Muon is Provably Faster with Momentum Variance Reduction
Xun Qian, Hussein Rammal, Dmitry Kovalev, Peter Richtárik
TL;DR
The paper addresses the inefficiency of vanilla momentum in LMO-based optimizers for large-language-model training. It introduces Momentum Variance Reduction (MVR) within the Gluon framework, yielding three variants (Gluon-MVR-1/2/3) that achieve faster non-convex convergence rates under layer-wise $(L^0,L^1)$-smoothness, and improve star-convex rates for Muon-MVR. Theoretical results establish ${\tilde{O}}(1/K^{1/3})$ rates (and ${\tilde{O}}(1/K^{1/2})$ in star-convex Muon-MVR) under realistic assumptions, with constant- and decreasing-step-size analyses providing complementary insights.
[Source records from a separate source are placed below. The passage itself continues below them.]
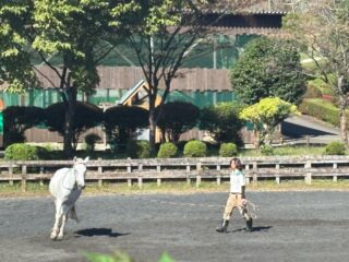 お仕事前の馬の運動に余念がないオシオお兄さん。
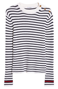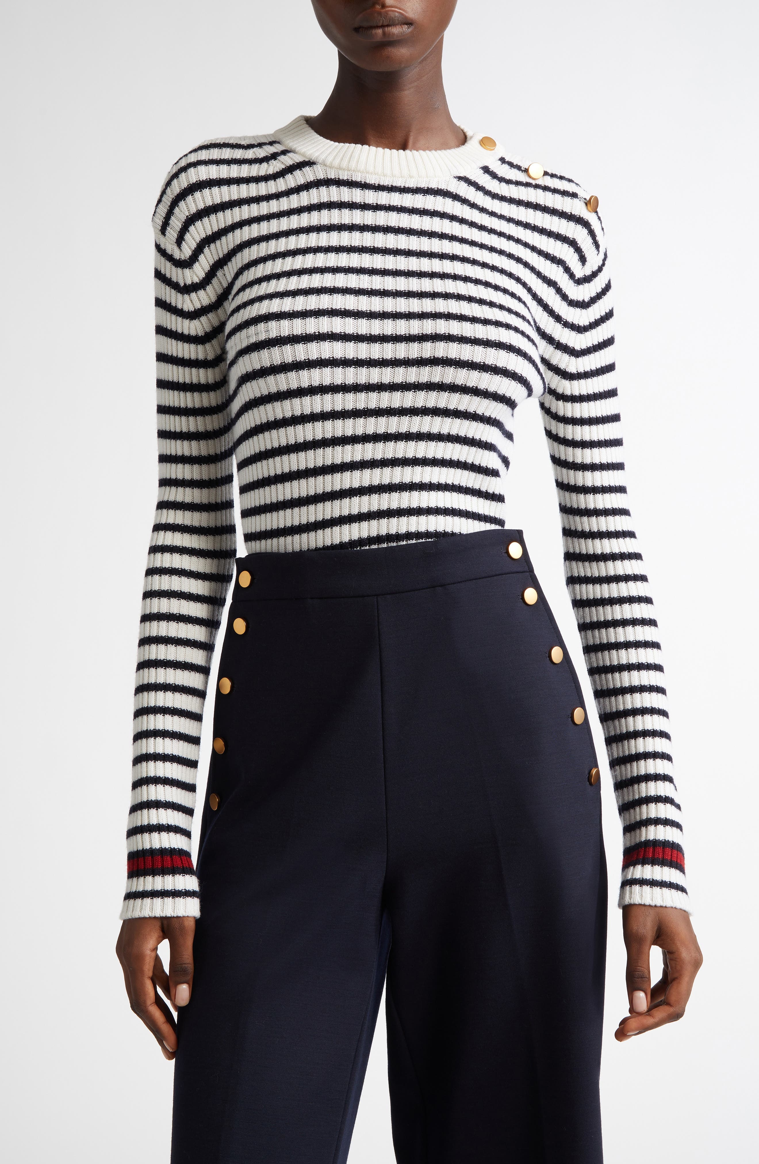 A trio of goldtone buttons gleam at the shoulder of this striped sweater knit from soft virgin wool in a figure-flattering fit that's perfect for layering. Shoulder button closure Crewneck Long sleeves 100% virgin wool Dry clean or hand wash, dry flat Imported Designer Clothing
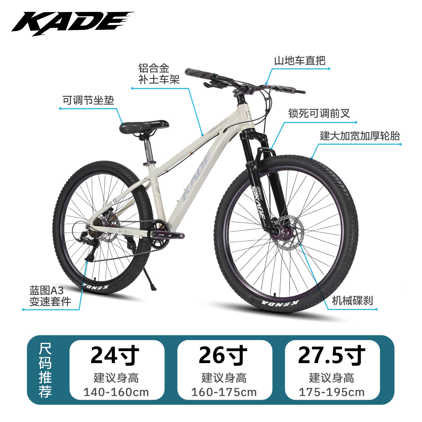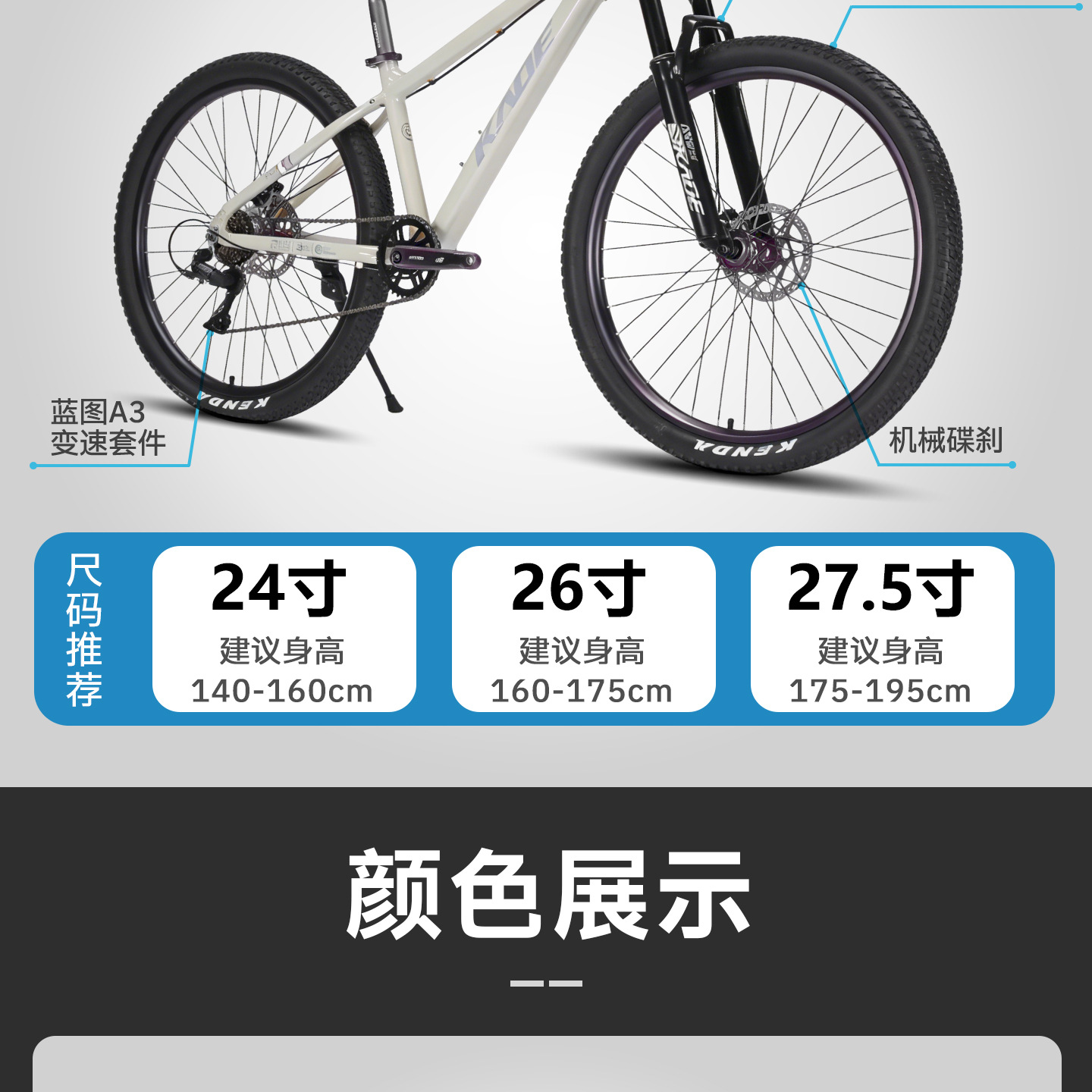 size: 24-inch, 26-inch, 27.5-inch
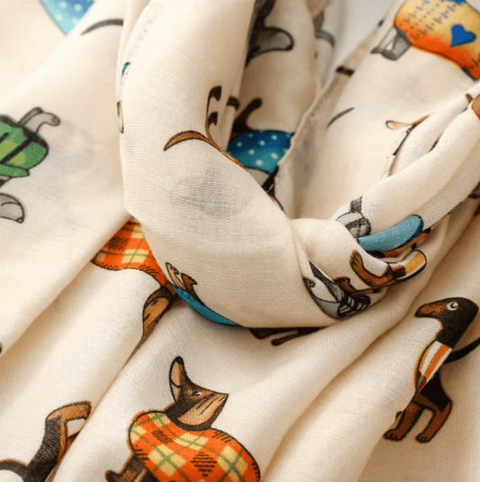 Playful and Adorable Dachshund Scarf in Beige

Empirical tests on NanoGPT-124M trained on FineWeb-10B corroborate the theoretical benefits, showing improved iteration efficiency and lower validation losses for MVR-enhanced Gluon variants, particularly in larger or more noisy regimes.
Abstract
Recent empirical research has demonstrated that deep learning optimizers based on the linear minimization oracle (LMO) over specifically chosen Non-Euclidean norm balls, such as Muon and Scion, outperform Adam-type methods in the training of large language models. In this work, we show that such optimizers can be provably improved by replacing their vanilla momentum by momentum variance reduction (MVR). Instead of proposing and analyzing MVR variants of Muon and Scion separately, we incorporate MVR into the recently proposed Gluon framework, which captures Muon, Scion and other specific Non-Euclidean LMO-based methods as special cases, and at the same time works with a more general smoothness assumption which better captures the layer-wise structure of neural networks. In the non-convex case, we incorporate MVR into Gluon in three different ways. All of them improve the convergence rate from ${\cal O} (\frac{1}{K^{1/4}})$ to ${\cal O} (\frac{1}{K^{1/3}})$. Additionally, we provide improved rates in the star-convex case. Finally, we conduct several numerical experiments that verify the superior performance of our proposed algorithms in terms of iteration complexity.